Voxel Polygonization and Game Engines

 Hi, and welcome to my blog. I wanted to have a place online for the world to see what I am doing, something to keep me focused. Right now I am currently polishing an algorithm I had conceived a few years ago for generating a triangular mesh from a voxel volume. From the algorithm's inception I've understood what I wanted it to output. It wasn't until recently whilst starting on my (latest) game engine project that I finally had the insight to help me solve writing the algorithm.

 I was trying to nail down what sort of world I wanted my current game project to present to players. In my previous game engine project, Revolude, the terrain was a simple heightmap and a static ROAM type algorithm was used to perform a simple polygon reduction before dumping each terrain chunk to a display list consisting of triangle strips and fans.

Revolude, with some pseudo-trees and buildings, and some missiles hitting the ground.

 I was just about to opt for creating a much more involved version of this same type of terrain when I had a stroke of ingenuity. The algorithm is logically very simple, and produces the equivalent output of what I would like to call the dual of a cubrille mesh. In other words, it takes a Minecraft-esque type mesh and converts every face into a single point, and each point into a triangle. The dual of a cube is an octahedron, and the algorithm I wanted to create essentially produced an octahedral mesh from a voxel volume.

A cube, and its 'dual' - an octahedron. Notice how each of the six cube corners becomes a single triangle, and each cube face is collapsed into its center point.

From an outside standpoint, this really seems very simple to do. One approach could be to first generate a simple boxy cube mesh, and then try to brute force convert it into its dual, an octahedral mesh. This became an appealing option after only a while, but I only approach problems with the intent of devising a novel solution, so that was out of the question.

Ideally, I was hoping to create an algorithm in some way similar to marching cubes - where each cube was inspected along with its neighbors to produce geometry. Something that achieved the desired output through such an immediate method was the goal. This approach, however, became much more involved than I had initially believed it could be.

The end product works in multiple passes, on the volume as a whole. The first pass examines 8 voxels at a time, determining whether vertices should be placed, and where. The second pass connects vertices to form edges. Edges can only exist between vertices where the dot product of their normals is greater than or equal to zero. So, vertices must either be facing in the same direction, or up to 90 degrees apart. The third pass involves detecting triangles formed by edges. This is done by searching for 'complement' edges for each vertex, where two edges connected to the vertex are connected to a third edge.

The last operation involves detecting all the left-over quads formed by edges, by doing a similar search to the triangle detecting pass. Instead of looking at the edges connected to a point, we look at the edges connected to an edge, and see if there is an opposite edge on the ends of its connected edges.

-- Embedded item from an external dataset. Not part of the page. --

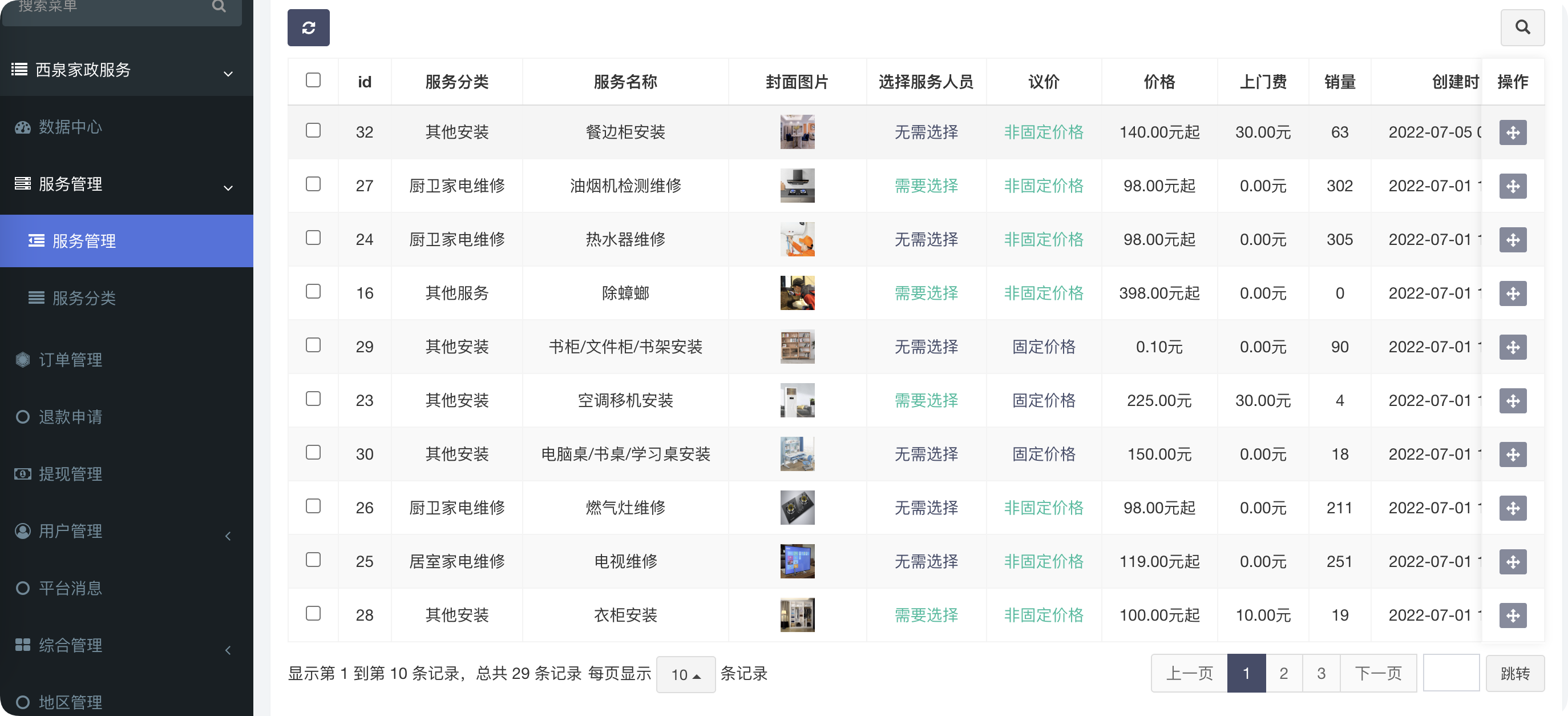 7、上门费:针对每个产品服务可单独设置是否需要上门费

These operations, naively implemented, can be extremely slow. Fortunately, it is not too expensive to store extra connectivity information which is used to quickly search edges, vertices, and triangles for related geometry. The end product can then be reduced to simple vertex information and vertex indices for triangles.

Here is a quick video of the algorithm at work with an evolving volume. Forgive the choppiness of the video, my little netbook isn't very awesome. The slowest part of this demo is generating the volume itself. The next step will be to utilize a compressed data structure as the data source, as opposed to raw volume data.